Al terminar de hablar, el general Fernández esperaba que la multitud le aclame, pero esto no pasó.
Todos los presentes se miraban unos a otros, totalmente confundidos por las primeras medidas
del dictador. Instantes después, uno de los militares infiltrados comenzó a vitorear al dictador,
mientras los soldados apuntaron las armas contra el público para obligarles a sumarse a la
aclamación.

Al escuchar a la multitud, el general se retiró satisfecho hacia su despacho. Se sentó en su sillón y


subió las piernas al escritorio. Tomó uno de los habanos cubanos que había mandado a pedir y lo
encendió en tono triunfal. Al echar la primera bocanada al aire se dio cuenta de que, tal como lo
había pedido, trajeron el cuadro de su padre y estaba colgado cerca a la puerta. El dictador bajo
rápidamente las pies del escritorio, como si se tratase de un niño descubierto en plena fechoría. Se
acercó al cuadro para contemplar la adusta figura del padre. Acarició suavemente el lienzo
mientras decía en voz baja: ¡Padre, lo logre! ¡Tu hijo es ahora el presidente! ¡Llevaré tu nombre en
alto siempre!

El dictador emocionado al contemplar el lienzo, apenas podía contener las lágrimas. Ante esa
figura muda y ausente se atrevió después de mucho tiempo, a abrir su corazón y a dar rienda
suelta a sus sentimientos. El retrato seguía imperturbable.
En ese mismo instante, el edecán golpeó suavemente la puerta, anunciando que la limusina
presidencial había llegado para llevar al general a la residencia presidencial. El dictador, apenas
pudo enjugarse las lágrimas y contestó de mala manera al edecán.

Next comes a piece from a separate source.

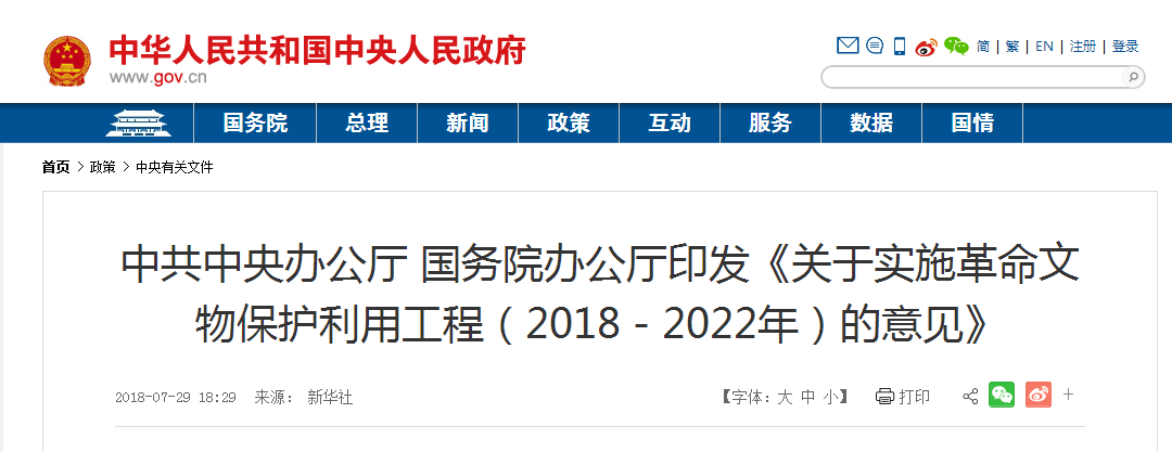 近日,中共中央办公厅、国务院办公厅印发了《关于实施革命文物保护利用工程(2018-2022年)的意见》(以下简称“《意见》”),《意见》明确了实施革命文物保护利用工程的重要意义、总体要求、五项主要任务和六项重点项目,并将从四个方面进行保障,要求各地区各部门结合实际认真贯彻落实。

Más tarde, en la residencia presidencial, el dictador daba instrucciones para acondicionar los
ambientes. Ni bien terminó, llegaron algunos de los flamantes ministros para poder dar curso a los
festejos por el “regocijo nacional” y el “Día de la refundación”. El general Fernández ordeno que se
diesen grandes fiestas durante los tres días del “regocijo nacional” en todos los cuarteles, en
agradecimiento a la soldadesca por el apoyo brindado durante la “revolución liberadora”. Uno de
los ministros dijo consternado:

- ¡Pero… excelencia! ¿Cree usted que es conveniente bajar la guardia precisamente ahora
que acaba de consolidarse la revolución? ¿No cree que nuestros enemigos podrían
aprovechar los festejos para contraatacar?
- ¡Lo que creo es que usted es un paleto y un imbécil! – grito de repente el dictador - ¿Qué
no entiende que debemos mantener la moral de la tropa alta? Además, he mandando a
desembarazarnos de nuestros enemigos, actuales y en potencia. Así que no hay
absolutamente nada que temer, al contrario, en cuanto se vea la magnitud de los festejos,
todo posible opositor no tendrá más remedio que unirse a las solemnidades y aceptar que
la revolución ha triunfado.

Más tarde, las órdenes del general se pusieron en marcha: calles, hogares y cuarteles se
embanderaron y adornaron con motivos patrios. El general fue en persona a participar de los
festejos en los cuarteles, adonde llegaba con toneles de vino y licor de todo tipo. Demás está decir
que él también, habituado a seguir las añejas tradiciones militares, se emborrachó como una cuba
y terminó luego, en compañía de algunos ministros y militares destacados, visitando todos los
burdeles de la ciudad.

El segundo y el tercer día los festejos se concentraron en la residencia presidencial. El dictador,


totalmente borracho, apenas era consciente de las celebraciones de sus acólitos. Apenas
despertaba continuaba bebiendo y ordenaba a todos los presentes a que siguieran su ejemplo.
También gritaba a la banda militar para que interpretasen, una y otra vez, viejos himnos marciales
que le recordaban a su padre. Al finalizar el tercer día, el dictador fue conducido casi a rastras a
sus habitaciones.

La fiesta poco a poco fue languideciendo mientras llegaba el amanecer, los últimos comensales
fueron despertados a las ocho en punto, hora en que el dictador solía tomar su café. Por la calle se
veía a muchos militares ebrios trastabillando mientras intentaban caminar, otros dormían tirados
en las aceras, ajenos a todo ruido. Pasarían algunas horas hasta que llegasen los informes.

IV

- ¡Excelencia! ¡Excelencia! – gritaba el edecán mientras corría presuroso a las habitaciones


del dictador.
Al llegar a la puerta la golpeó con desesperación, dentro no se oía nada más que los ronquidos
del general Fernández. Al no obtener respuesta, el edecán se animó a abrir la puerta y entrar.
Se acercó al lecho del dictador y le sacudió con desesperación para que despertase. Éste,
despertó atolondrado aún ebrio, al ver al edecán, quien le sacudía, comenzó a gritar.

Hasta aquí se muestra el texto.